Artifact subjected to careful analysis. It soon became clear that the skin - the whole, without seams and glue. That is, it belonged to an unknown animal, and the learned world decided that this beast had died out long ago.
But not everything was so simple. After all, the skin was quite new! She came to Paris thanks to the French missionary A. David, who at the same time was observing nature. In one of the deaf villages of Sichuan province in 1869, the missionary discovered an amazing skin. Local residents reported that it belonged to Bei-shung, that is, to the “big bear”, which lives high in the mountains, among dense bamboo thickets.
David sent the skin to Europe and decided to try to find the beast in its natural environment. In the same year, the curious Frenchman was fortunate enough to see the Bey-shung killed the day before and to acquire the whole carcass. She was also sent to France.
Thus, the last doubts about the reality of the unknown beast were scattered. At first it was called black and white or bamboo bear. However, in 1870, zoologists carefully studied the materials obtained from China and decided that the animal found was not a bear, but belongs to the raccoon family, therefore they gave it the name of the big panda. (The minor panda, which was then also referred to as the raccoon family, lives in East Asia.) Nowadays, according to genetic tests, it is proved that the big panda is still a member of the bear family.
As is often the case, the discovery interested not only researchers, but also various dark people who adore the ringing of coins. In Western China, rushing to get rich in a new animal.
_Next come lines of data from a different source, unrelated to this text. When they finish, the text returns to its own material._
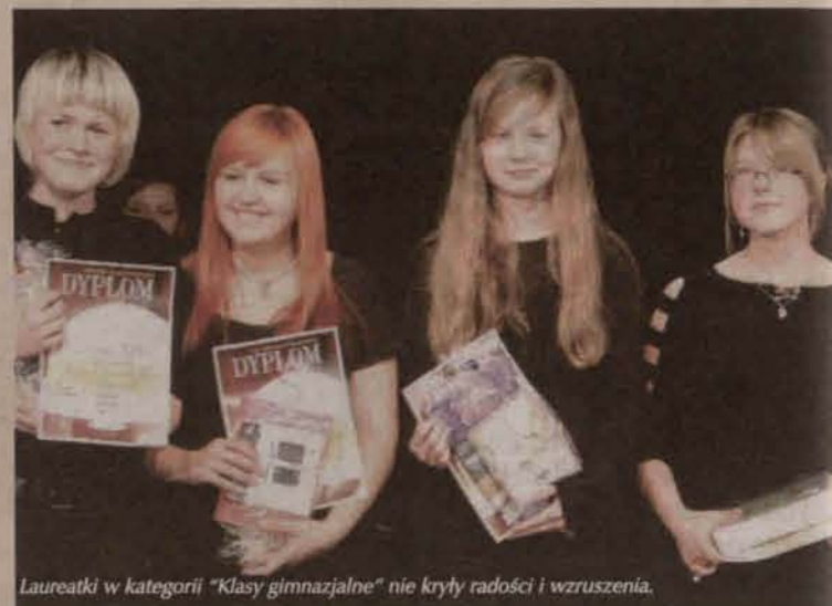
Laureatki w kategorii "Klasy gimnazjalne" nie kryły radości i wzruszenia.

- Ważne jednak, że ze spadkiem ilości nie nastąpił spadek jakości, bo duża część recytacji była naprawdę bardzo przekonująca. W związku z tym wskazanie tych najlepszych było dla nas nie lada wyzwaniem - dodał Brawer.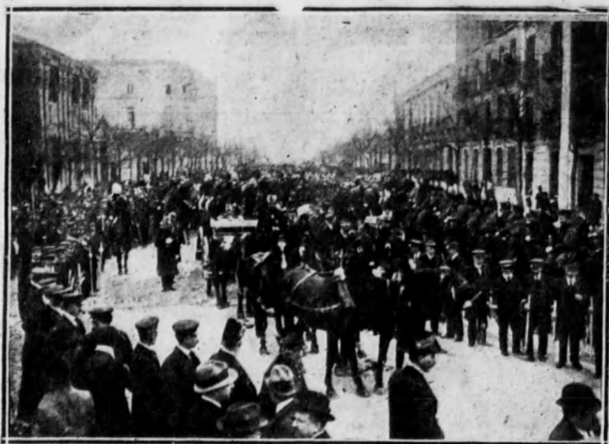
Aspecto de la calle de Lista al paso de la comitiva.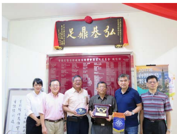
雙方交換紀念品合影留念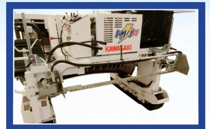
●長芽用剪枝ユニット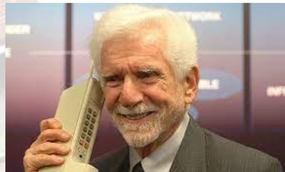
Мартін Купер з Motorola набрав конкурентів із Bell Labs. Це був перший дзвінок по стільниковому телефону (США, 1973)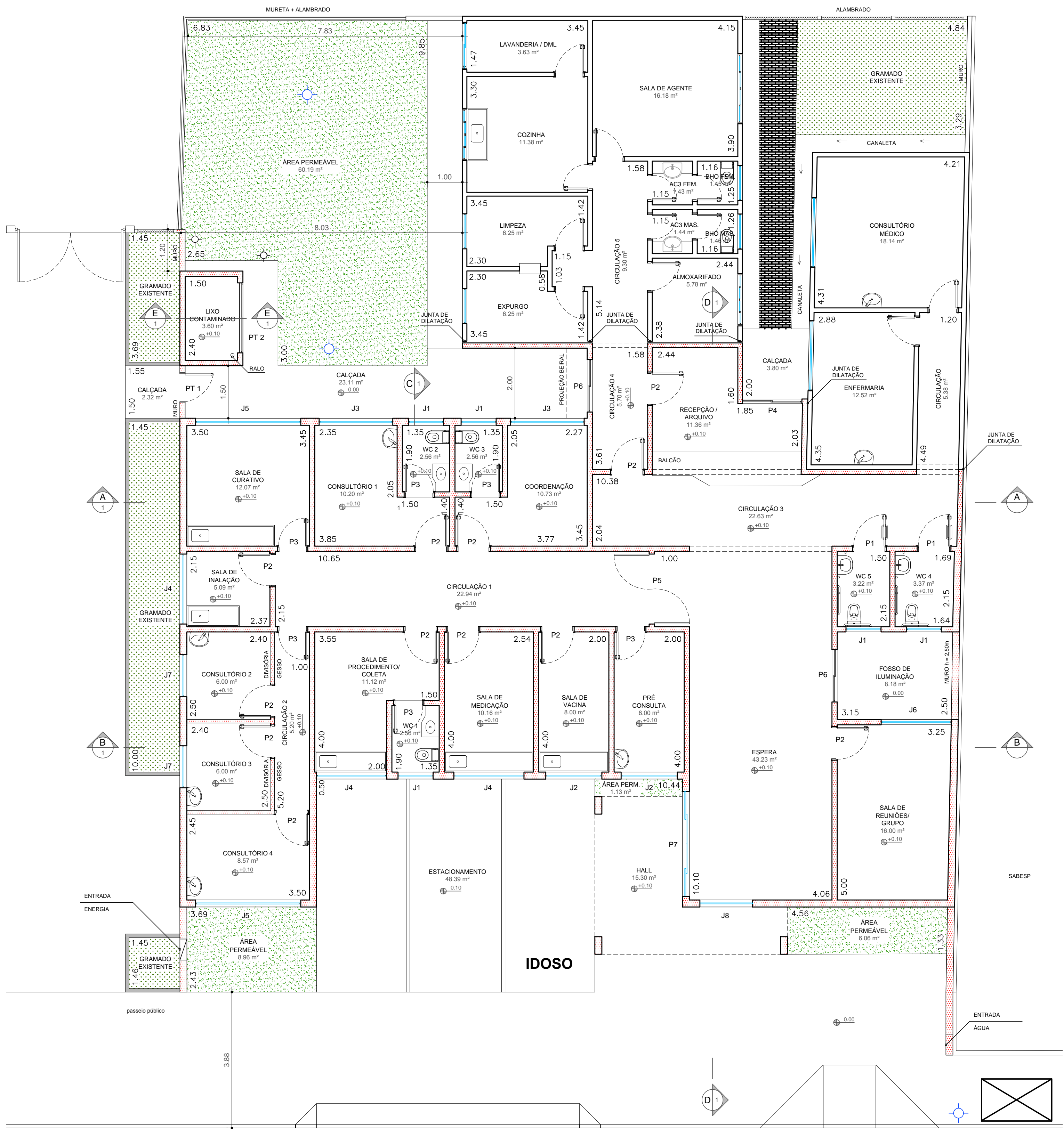
PLANTA BAIXA ESC.: 1:75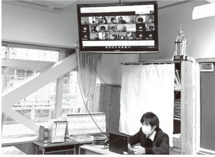
▲中学校では、家庭と学校をつないで接続確認などを行いました。(越生中)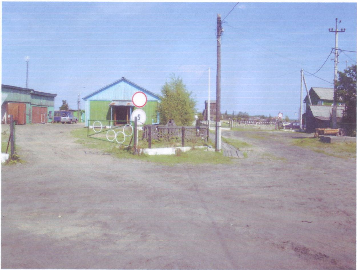
Въезд и вход на территорию учебного комбината.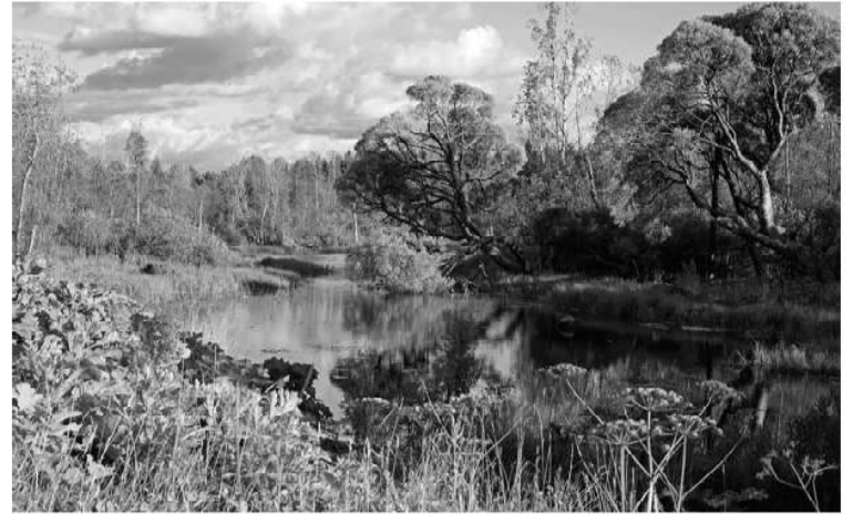
■ Проект «Тропа 47» объединяет свыше 40 уникальных природных маршрутов

Крупнейший терминал по производству и отгрузкам природ-

But only in 1916, with the help of local hunters, they managed to catch a young panda. However, she soon died in captivity. In the same year, in the province of Sichuan, they managed to acquire six skins of a rare beast.
Yet for many years, attempts to catch a new animal ended in failure. Only in 1936, the American R. Harkness acquired a young panda and brought her to San Francisco. This animal was given the nickname Su-Lin, which meant "a small piece of a huge jewel."
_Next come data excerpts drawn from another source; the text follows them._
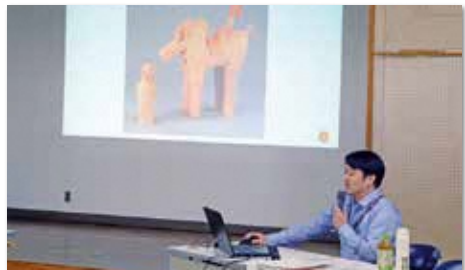
郷土史講座(3回講座)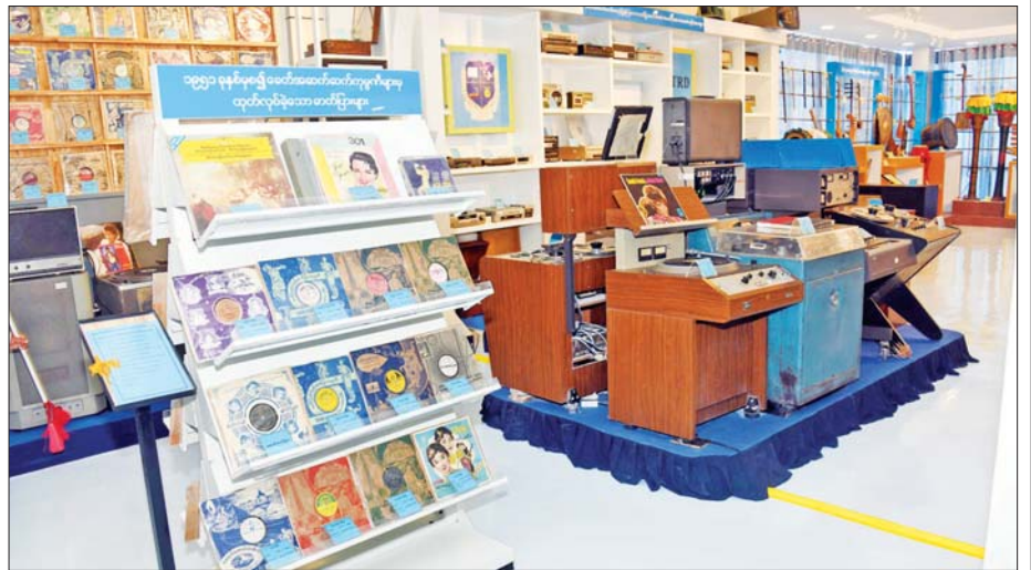
၁၉၅၁ ခုနှစ်မှစ၍ ခေတ်အဆက်ဆက် ကုမ္ပဏီများမှ ထုတ်လုပ်ခဲ့သော ဓာတ်ပြားများ။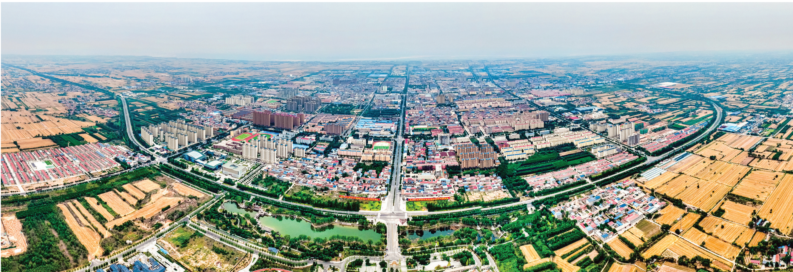
芮城县扎实有力推动“一城两区三门户”目标和思路,县委“1544”工作矩阵落实落地,实现基层治理体系全面重塑、治理能力整体跃升。图为芮城县航拍图。

元跃升至300万元;永乐镇蔡村创新“五股联动”——土地入股企业、保底入股合作社、集股办加工厂、分股招商铺、重股再投资,年集体经济收入超316万元。 村级末梢“深扎根”。在最小治理单元,党建优势转化为服务效能。东天村搭建数字乡村平台,AI监控实现独居老人异常行为预警;兴耀村建立“党建+法治+网格”模式,网格员化身“移动宣传员”,线上推送政策,线下入户调解;美团外卖党支部设立“骑士之家”,引导骑手认领民情收集员、食品监督员等七大岗位,成为流动的“治理探头”。“以前送餐来去匆匆,现在我们是社区治理的“眼睛”和“耳朵”。”骑手党员张师傅说。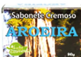
Sabonetes sólidos Aroeira - 90g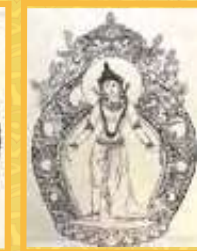
朱妙善 古韻新風觀音金獎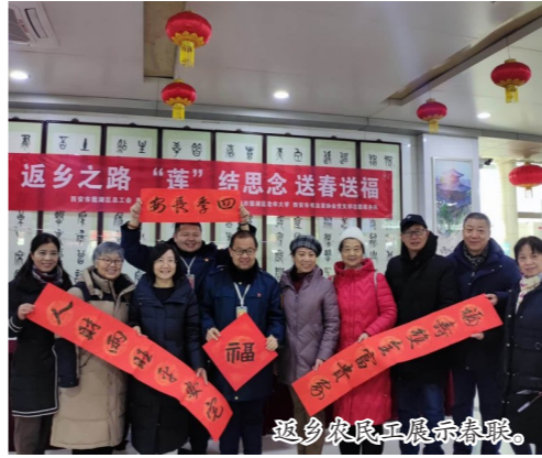
返乡农民工展示春联。

莲湖区总工会还组织20余名工作人员和志愿者为返乡农民工现场提供法律法规咨询、购票帮助、乘车引导、行李托运、安全检查等服务。现场发放《工会法》《劳动合同法》《家庭健康管理必备知识》《新就业形态劳动者劳动权益保障服务手册》等宣传书籍和彩页。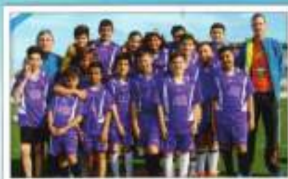
Fútbol 7 Alevín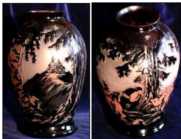
Abb. 2002-4/195 Vase der Glaswerke S. Reich & Co., um 1935 überfangen und geätzt, H 31 cm Motive aus den Wäldern auf dem Radhošt und an der R. Bečvá www.klimentantik.de/g1.html (2002-09) SG: vgl. MB S. Reich & Co. ca. 1935, Vasen, Tafel o. Nr., Va- sen ATEL, Nr. 112, 170 und 171

Das einstmals mächtige Glasunternehmen S. Reich & Co. hat es offenbar nicht geschafft, sich in den Köpfen der Glashistoriker einen festen Platz zu erobern. Auch hier werden wieder Fehler sogar im Internet weiter getragen, die später eine Suche mit GOOGLE oder YAHOO scheitern lassen! Das Glasunternehmen hieß nicht Solomon & Reich , sondern über 100 Jahre lang bis 1934 Salomon Reich & Co. Sein Hauptsitz war bis 1918 im k.k. Österreich-Böhmen / Mähren tatsächlich in Krasna an der Betschwa, ab 1918 bis 1934 aber in Krásno nad Bečvou, in der Tschechoslowakei. Quittenbaum hat wohl beim Glasmuseum Passau falsch abgeschrieben!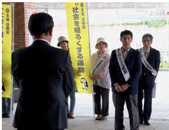
出発式で決意表明をする大坂分区分長

5台の車両に浦河更生保護女性会えりも支部、人権擁護委員ら12人が乗り込み、パトカーを先導に役場前を出発。町内一円をパレードし、犯罪や非行のない安心・安全な地域社会を目指す啓発活動を行いました。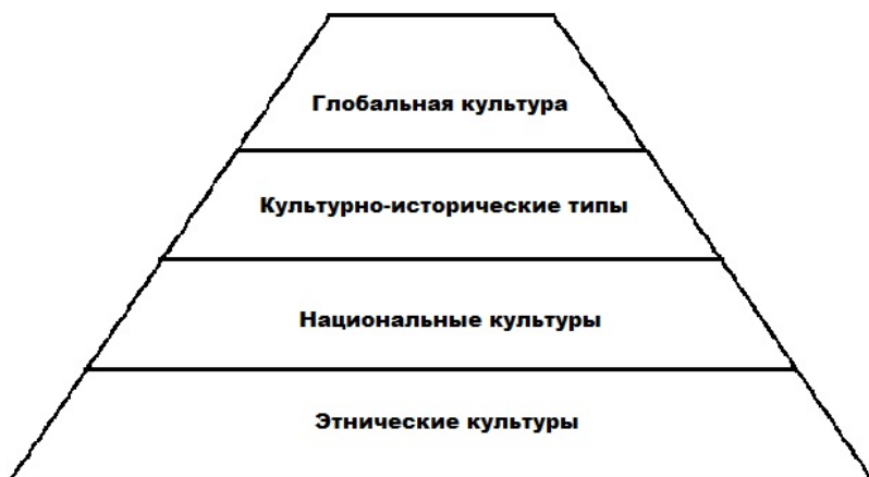
Схема 1. Культурная пирамида

Поскольку этническая культура целиком погружается в национальную, а последняя не всегда полностью включается в соответствующий культурно-исторический тип, дальнейшее рассмотрение структуры мы будем строить на основе национальной культуры. В национальной культуре можно выделить четыре сегмента и записать их в виде уравнения вида: Культура = Доминирующая культура + Субкультура + Контркультура + Антикультура. Три последних элемента уравнения не имеют четко выраженной, постоянной структуры. Их структура, как правило, фрагментарна и в высокой степени изменчива. Доминирующая культура определяет вектор развития государства и базируется на культурах входящих в него этносов. В культуре этноса мы выделяем ядро культурной общности, которое представлено этническими языками и архетипами, слагающими коллективное бессознательное этноса. Этнические ядра культурной общности формируют ядро национальной культуры, которое также представлено языками и архетипами. В исторических координатах времени ядра различных уровней иерархии возникают и формируются со значительным интервалом. Первыми формируются этнические архетипы и язык. Их возникновение можно отнести к доисторическому периоду, ко времени перехода от процессов природных к процессам культурным. Начало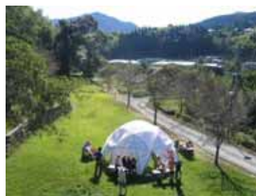
竹材の新たな活用(竹ドーム)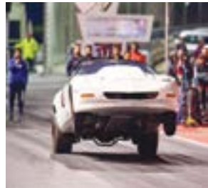
○ جانب من منافسات السيارات

منوها باسمه وثانية من إخوانه السري في مجلس إدارة النادي وفي اللجان العاملة بخاصة السكر والتقدير والإسهام إلى رئيس الاتحاد البحريني للسيارات الشيخ عبدالله بن عيسى آل خليفة والرياسة التنفيذية لخدمة البحرين الدولية الشيخ سلمان بن عيسى آل خليفة مقربين لهم اهتمامهم و دعمهم لهذه الأنشطة الرياضية، كما خص بالشكر مدير الاتحاد البحريني للسيارات عبدالعزيز النضوي، ممثلاً لجهود في دعم البطولة وأنشطة النادي. والجدير بذكره أن الاتحاد البحريني للسيارات أصدر رزمة الموسم الجديد ٢٠٢١/٢٠٢٠ وتتضمن إقامته العديد من السباقات الوطنية والمطولات الإقليمية والدولية، في طبيعتها

Then, in 1938, two more adult animals were brought to the United States. Four adult individuals and one young panda were soon transported to London. Unfortunately, six more bamboo bears did not reach the capital of England, but died on the way.
In 1957, a large panda named Pin-Pin appeared in the Moscow Zoo. Here she lived for 4 years, and the last two - next to another large panda, nicknamed An-Anh.
In 1977, all the zoos of the world contained a total of 30 large pandas. For a long time it was not clear whether they were able to reproduce in captivity, until in 1963 in the Beijing Zoo the female named Li-Li gave birth to a baby weighing 142 grams. In 1964, the same female showed another bear cub. Thus it was possible to establish that the gestation period of pandas is 134-140 days.
In its natural habitat, the panda moves well on steep slopes, easily climbing tall trees. In the winter, she digs up at the foot of the large trunks of the pit and shelters there from bad weather, but does not fall into hibernation. He arranges his dens on the shady side of the mountain slopes, and these dens can be useful for a bamboo bear for a long time.
Remarkable is the ability of the described animal not only to run fast, but also to roll on steep slopes "head over heels". In this case, the panda presses the front paws to the eyes, protecting them, and presses the hind paws to the stomach. So she sometimes escapes from her enemies - the Red Wolves or Leopard.
For the treatment of small objects in bamboo bears formed the so-called sixth finger. It is nothing but an elongated wrist bone. The sixth finger allows the panda to pick up objects that are very inconvenient for her, such as a match or straw, for example.
The measures recently taken to protect such a rare animal have borne fruit, which suggests a slight increase in the population in southern and northern China, as well as in northeastern Tibet.